→ **Problem description**
Retype all of the data word for word, without pictures.

→ **Data excerpt**
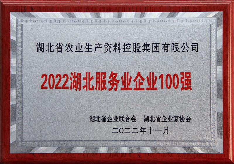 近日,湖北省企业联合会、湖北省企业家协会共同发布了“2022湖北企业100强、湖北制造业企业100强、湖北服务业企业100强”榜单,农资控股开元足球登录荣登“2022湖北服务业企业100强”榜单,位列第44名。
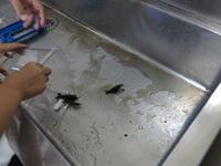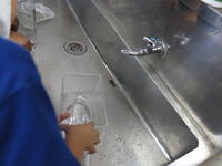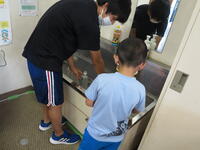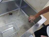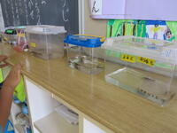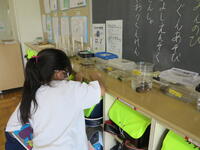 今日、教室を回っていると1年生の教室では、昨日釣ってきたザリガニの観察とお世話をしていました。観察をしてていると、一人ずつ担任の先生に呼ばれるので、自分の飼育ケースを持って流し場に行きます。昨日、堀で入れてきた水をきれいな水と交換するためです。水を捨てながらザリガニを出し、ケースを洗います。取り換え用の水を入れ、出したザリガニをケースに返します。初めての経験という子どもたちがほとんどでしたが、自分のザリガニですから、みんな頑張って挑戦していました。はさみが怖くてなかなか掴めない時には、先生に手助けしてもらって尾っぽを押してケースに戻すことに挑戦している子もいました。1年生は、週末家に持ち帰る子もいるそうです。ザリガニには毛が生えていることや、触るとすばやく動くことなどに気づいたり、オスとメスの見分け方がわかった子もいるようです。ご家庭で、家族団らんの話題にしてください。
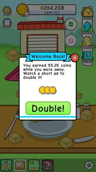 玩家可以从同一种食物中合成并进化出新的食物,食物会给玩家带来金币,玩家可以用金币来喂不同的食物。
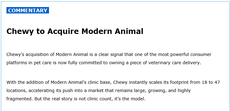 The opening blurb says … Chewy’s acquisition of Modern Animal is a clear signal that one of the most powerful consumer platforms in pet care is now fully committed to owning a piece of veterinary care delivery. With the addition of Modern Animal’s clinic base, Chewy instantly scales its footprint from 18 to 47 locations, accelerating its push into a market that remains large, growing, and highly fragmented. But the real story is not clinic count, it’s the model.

→ **Answer for the task**
 近日,湖北省企业联合会、湖北省企业家协会共同发布了“2022湖北企业100强、湖北制造业企业100强、湖北服务业企业100强”榜单,农资控股开元足球登录荣登“2022湖北服务业企业100强”榜单,位列第44名。
 今日、教室を回っていると1年生の教室では、昨日釣ってきたザリガニの観察とお世話をしていました。観察をしてていると、一人ずつ担任の先生に呼ばれるので、自分の飼育ケースを持って流し場に行きます。昨日、堀で入れてきた水をきれいな水と交換するためです。水を捨てながらザリガニを出し、ケースを洗います。取り換え用の水を入れ、出したザリガニをケースに返します。初めての経験という子どもたちがほとんどでしたが、自分のザリガニですから、みんな頑張って挑戦していました。はさみが怖くてなかなか掴めない時には、先生に手助けしてもらって尾っぽを押してケースに戻すことに挑戦している子もいました。1年生は、週末家に持ち帰る子もいるそうです。ザリガニには毛が生えていることや、触るとすばやく動くことなどに気づいたり、オスとメスの見分け方がわかった子もいるようです。ご家庭で、家族団らんの話題にしてください。
 玩家可以从同一种食物中合成并进化出新的食物,食物会给玩家带来金币,玩家可以用金币来喂不同的食物。
 The opening blurb says … Chewy’s acquisition of Modern Animal is a clear signal that one of the most powerful consumer platforms in pet care is now fully committed to owning a piece of veterinary care delivery. With the addition of Modern Animal’s clinic base, Chewy instantly scales its footprint from 18 to 47 locations, accelerating its push into a market that remains large, growing, and highly fragmented. But the real story is not clinic count, it’s the model.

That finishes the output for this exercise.